As Martin later says, “if you’re worried about communication, start with collaboration.”
One observation that is unavoidable, especially with the cyber world’s increased attacks, is that today is the golden age of ransomware attacks. And no greater answer, no greater solution to that, comes from Kelly Bissell. If you can’t communicate in a game, you’re not going to win. Ransomware is like that. What can we do? Throw a wrench into it. On purpose. Use chaos to test that playbook, strengthen the communications between suppliers, so when it happens? It’s muscle memory. An excellent moment all around.
Overall, an enlightening talk. Cyberattacks, ransomware, it’s an industry challenge. “We need to be more comfortable sharing insights and having conversations like this,” as Tim McNulty says.
SWIFT Innotribe – Opening Speaker. Dr. Michio Kaku.
As the start of Innotribe, SWIFT’s fintech innovation initiative, Dr. Michio Kaku opened the floor with a question. As he says, the “question of all questions.”

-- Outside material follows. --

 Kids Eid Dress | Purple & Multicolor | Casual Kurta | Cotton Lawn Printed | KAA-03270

Where does wealth come from?
Throughout history, we had previously lived in poverty. One might say that, 200 years ago, we solved that problem by introducing taxes. Yet, that was no more than transferring what wealth we had. Was it instead by printing money? Not exactly. Dr. Kaku argues that physics is what created wealth; humanity created the industrial revolution, then we discovered electricity, and then we find ourselves in the age we’re in today. The Internet. The PC.
“Oil that greases the wheels of capitalism is going to be replaced by data.” We’ll see artificial intelligence, we’ll see quantum computers, wealth comes from information and innovation. This could change the foundations of capitalism as we know it. In a world where we might know all the intricacies of supply and demand, the game of wealth will take on a wholly different form. Innovation will help eliminate redundancies, will streamline processes, from commodity capitalism to intellectual capitalism.

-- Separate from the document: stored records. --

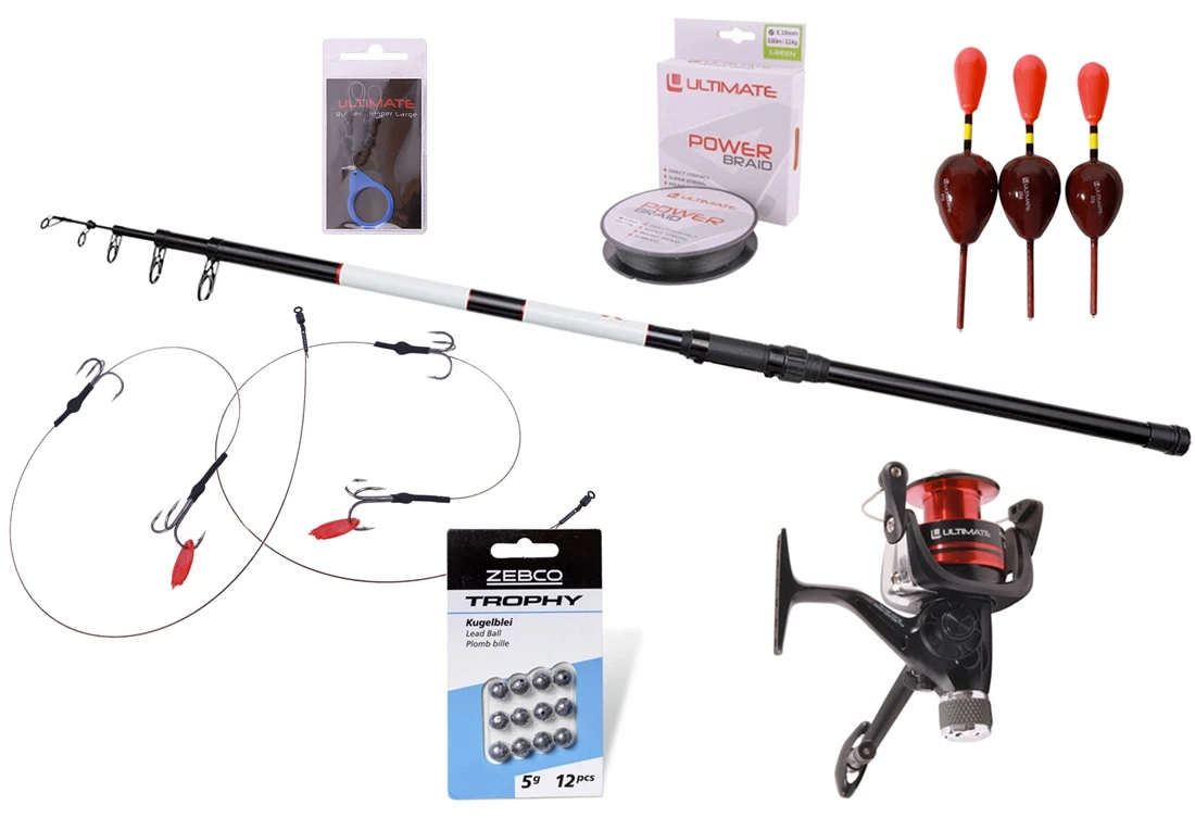Deze complete set biedt alles wat je nodig hebt voor het vissen met doodaas op snoek, snoekbaars en andere roofvis. De basis voor deze set is de Dam Base-X Tele Pike, een sterke telescopische spinhengel met een lengte van 3,50m die ideaal is voor het dobber- of bodemvissen en een Ultimate Allround spinmolen met een bijzonder soepele lijnafgave en een betrouwbare slip achterop. De meegeleverde Ultimate Power Braid gevlochten lijn heeft uitstekende werpeigenschappen en is rekloos, waardoor je een beter gevoel en betere controle hebt en het Kogellood van Zebco heeft een centrale lijndoorvoer, waardoor een direct contact met de vis mogelijk wordt gemaakt. De set wordt gecompleteerd met twee Ultimate 7×7 Steelwire Deadbait Leaders met een lengte van 40cm waaraan twee vlijmscherpe dreggen zijn bevestigd en maar liefst drie dobbers met verschillend drijfvermogen en uitstekende zichtbaarheid die speciaal ontwikkeld zijn voor het vissen met dood aas. Met deze set ben je klaar voor de jacht op snoek, baars en snoekbaars. Maximaal visplezier voor de beste prijs!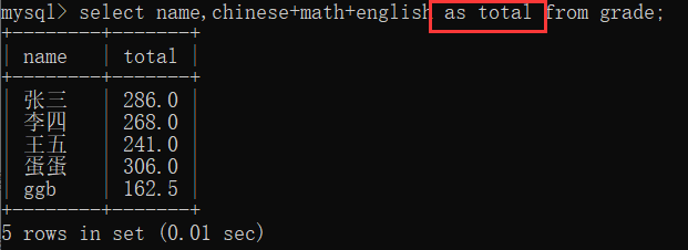 然后我们会发现,总成绩这里的说明那么长一段,能不能给他换个名字呀,这么长太难看了,诶,确实可以换,这时候我们可以查看字段指定别名,语法:在换名的列后面加as 新名字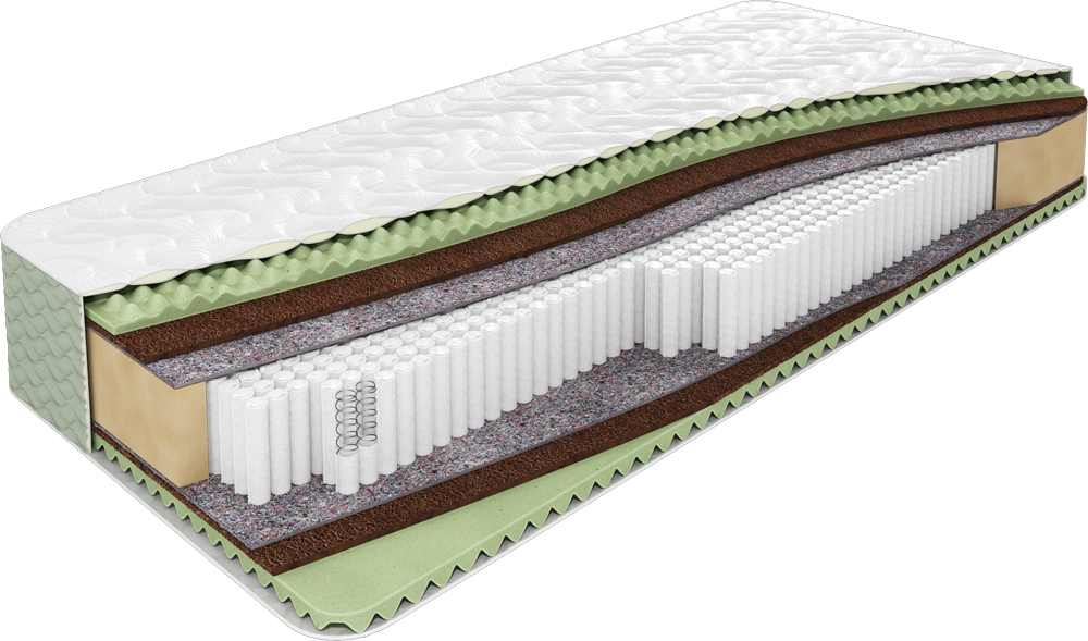 Матрас изготовлен из массажной пены ErgoFoam с обеих сторон, что обеспечивает комфорт и расслабляющий массажный эффект во время сна. Дополнительно, кокосовый слой толщиной 1 см с обеих сторон придаёт матрасу необходимую жесткость и поддерживает правильное положение позвоночника. Внутри матраса расположен пружинный блок S 2000 с независимыми пружинами, который даёт индивидуальную поддержку для каждого участка тела. Число 2000 обозначает количество, что на каждый квадратный метр приходится около 1000 пружин, которые обеспечивают надёжную ортопедическую поддержку спины и удобство отдыха в любом положении и выдерживают вес до 160 кг и подходят людям с весом больше среднего. Чехол матраса выполнен из объемного простеганного трикотажа (ортопена), который придаёт приятные тактильные ощущения и хорошую воздухопроницаемость. Боковина из простеганной ткани букле добавляет элегантности и стиля.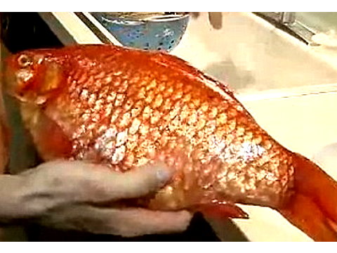 不一會兒,邁克手中釣竿開始扯動,當他努力把釣勾拉出水面後,竟在釣勾上看到一隻巨大無比的金魚,令他嚇得目瞪口呆,不該如何是好。經過測 量,這隻巨無霸金魚重達1.5公斤,身長約38公分,堪稱金魚之王。

Michio’s talk is a fascinating glimpse into the future, into where innovation lies, and the possible fourth and fifth waves of technological breakthroughs. An age where capitalism is perfect. We, as humans, “represent something that robots cannot provide: intellectual capital.” Innovation, leadership, analysis, these are all qualities that cannot be replicated.
Tailing off this talk – and all the above talks – we will surely see a plethora of innovations and solutions to current problems. These talks have highlighted a theme of how the pandemic has accelerated the industry to phenomenal speeds, and how we’re all eagerly anticipating who will be the breakthrough leader, who will pave the way forward, and who will drive that innovation. It is with great hope that we’ll see plenty of answers, and plenty of possibilities, in Sibos 2021.